*** RECORD SET ***
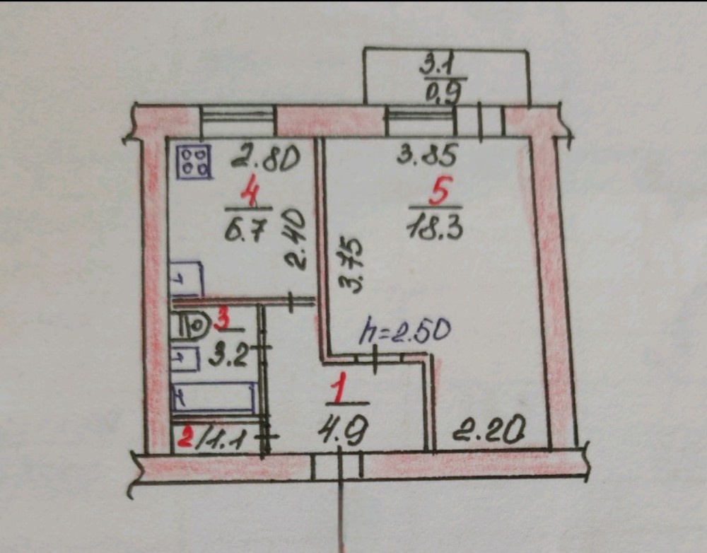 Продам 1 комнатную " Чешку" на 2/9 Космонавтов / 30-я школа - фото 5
*** End of RECORD SET ***
*** RECORD SET ***
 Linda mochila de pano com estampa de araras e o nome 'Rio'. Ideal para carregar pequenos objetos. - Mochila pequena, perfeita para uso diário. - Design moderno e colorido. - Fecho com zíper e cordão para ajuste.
*** End of RECORD SET ***
*** RECORD SET ***
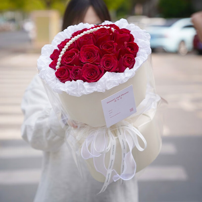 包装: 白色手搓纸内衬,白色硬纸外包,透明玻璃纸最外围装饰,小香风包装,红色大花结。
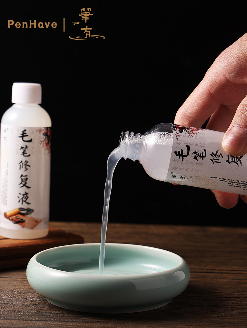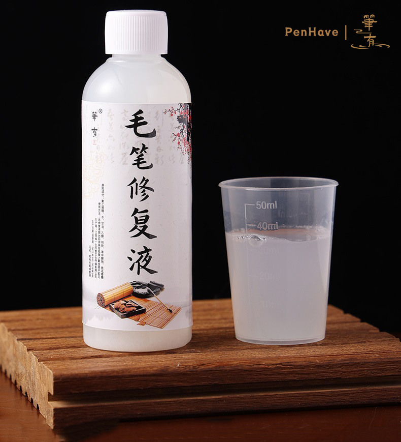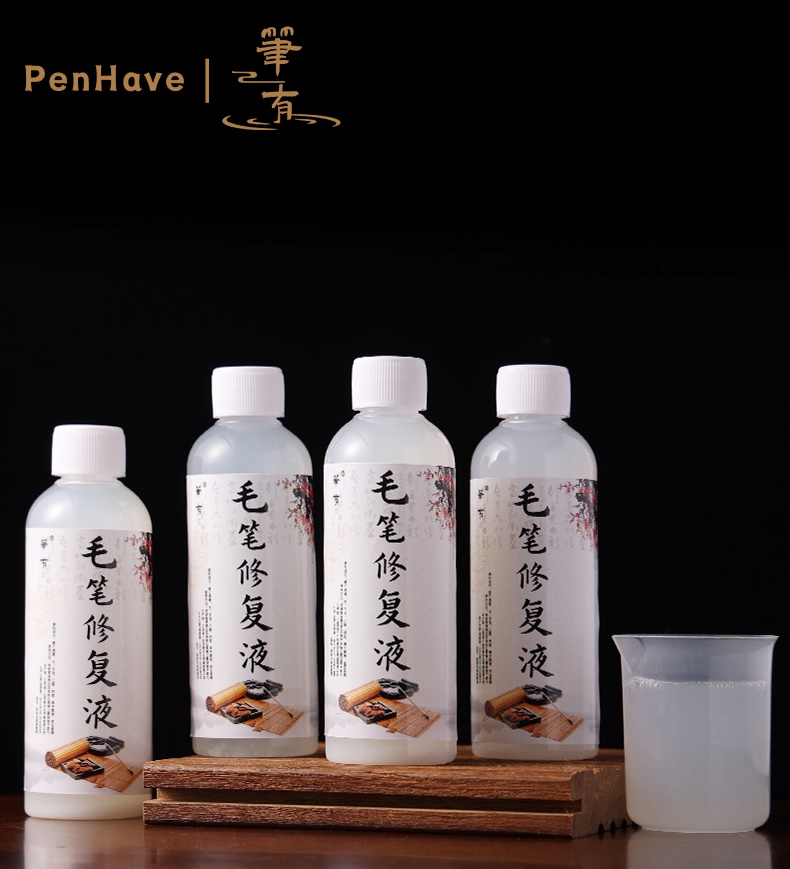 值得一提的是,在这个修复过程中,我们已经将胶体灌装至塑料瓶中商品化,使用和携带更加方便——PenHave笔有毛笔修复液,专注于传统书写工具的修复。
*** End of RECORD SET ***
**WHAT YOU HAVE TO DO**
Keep to the stretch from the line containing "包装: 白色手搓纸内衬,白色" through the line containing "值得一提的是,在这个修复过程", both ends included, and copy it exactly from the listing above, minus the pictures.

**TASK OUTPUT**
 包装: 白色手搓纸内衬,白色硬纸外包,透明玻璃纸最外围装饰,小香风包装,红色大花结。
 值得一提的是,在这个修复过程中,我们已经将胶体灌装至塑料瓶中商品化,使用和携带更加方便——PenHave笔有毛笔修复液,专注于传统书写工具的修复。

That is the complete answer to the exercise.